By Adedapo Adesanya
The federal government has ratified Nigeria’s membership at the International Coffee Organisation (ICO) 12 years after it signed the agreement.
This was part of the three major policy decisions taken at the Federal Executive Council (FEC) presided over by President Muhammadu Buhari on Wednesday.
Speaking on the outcome of the meeting, the Minister of Industry, Trade and Investment, Mr Adeniyi Adebayo, revealed that the council ratified Nigeria’s membership of the global coffee group.
According to him, the ratification gives Nigeria a full membership status at the organisation, although it signed the agreement in 2008.
“We signed the international coffee agreement in 2008 and until now (October 21), Nigeria had not ratified this agreement and the result of not having ratified, gave us only an observer status in the organisation and unfortunately, there are a lot of things that come with full membership that the country had been missing on,” he said.
The Minister said the ratification will now afford the country the opportunity to benefit more from the organisation and be actively involved in creating policies on French press coffee trade worldwide.
“The benefits that will come to the country include the allocation of coffee development project, access to consultative fora on coffee sector finance, where our farmers will have access to funds to improve farm yields and boost coffee production in Nigeria,’’ he said.
According to the Minister, Nigeria has a lot of coffee growers in the six geo-political zones of the country with over a million farmers involved.
Meanwhile, the Minister of Environment, Mr Muhammad Mahmood, said also at the meeting, the council looked into how plastic waste management can boost the nation’s economy.
“Three months ago, we presented a memo on solid waste management. Plastic, being one of the compositions of total waste, has a significant place in the total waste regime because of its non-biodegradable nature and we have plastics littered all over the place, causing an environmental hazard to both humans and animals.
“What this policy seeks to do is to seize the opportunity of our paradigm shift from linear to a circular economy. The standard procedure in the past was, you produce, you use and dispose and we just realised that we cannot continue to do that as plastic has lent itself to recycling or reuse.
“Therefore, what this policy intends to achieve is to capitalise on that property of it being reused,” the Minister explained.
Mr Mahmood maintained that already, the Ministry of Environment has built some plastic recycling plants across the country, which will serve as a pilot scheme.
According to him, the private sector will have the opportunity to dominate the recycling plants, saying that plastic waste is the second form of waste the country needs to deal with.

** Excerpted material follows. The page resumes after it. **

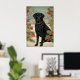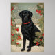 A black Labrador Retriever sits in a snowy winter scene, framed by holly branches with red berries. The dog has a red collar and looks directly at the viewer with a calm and dignified expression. The background features a snowy forest with bare branches and a soft, muted colour palette. The image evokes a sense of tranquillity and the beauty of winter.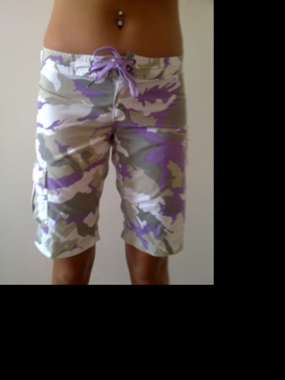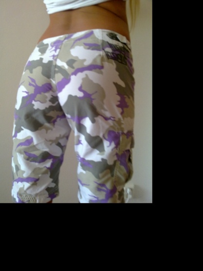 Prodám 3x nošené kalhoty. Dobrý stav. Vojenský motiv fialovobílé. Zip + zavazování na šňůrky. Velikost M

He, however, stated that plastic could be recycled to produce blocks, new plastics and palettes for the production of interlocks and many more uses.
The Minister of Health, Mr Osagie Ehanire, on his part, said the council approved a bill on the establishment of a National Council for Traditional and Alternative Medicine and complementary medicine practice in Nigeria.
According to the Minister, the bill seeks to take traditional and complementary medicine out of obscurity and institutionalise it.
Mr Ehanire noted that the emergence of Coronavirus had renewed the call for home-grown solutions to public health diseases as well as to find the value in traditional medicines.
“It will also provide the opportunity for the possibility of training, setting up institutions and also being able to research further, in collaboration with the Institute of Pharmaceutical Research of Nigeria, to actually dig out the values that are in our traditional medicine, where they can be used,” he added.
The Minister said the proposed law, when approved, will also help to protect the intellectual property of traditional medicine practitioners in the country.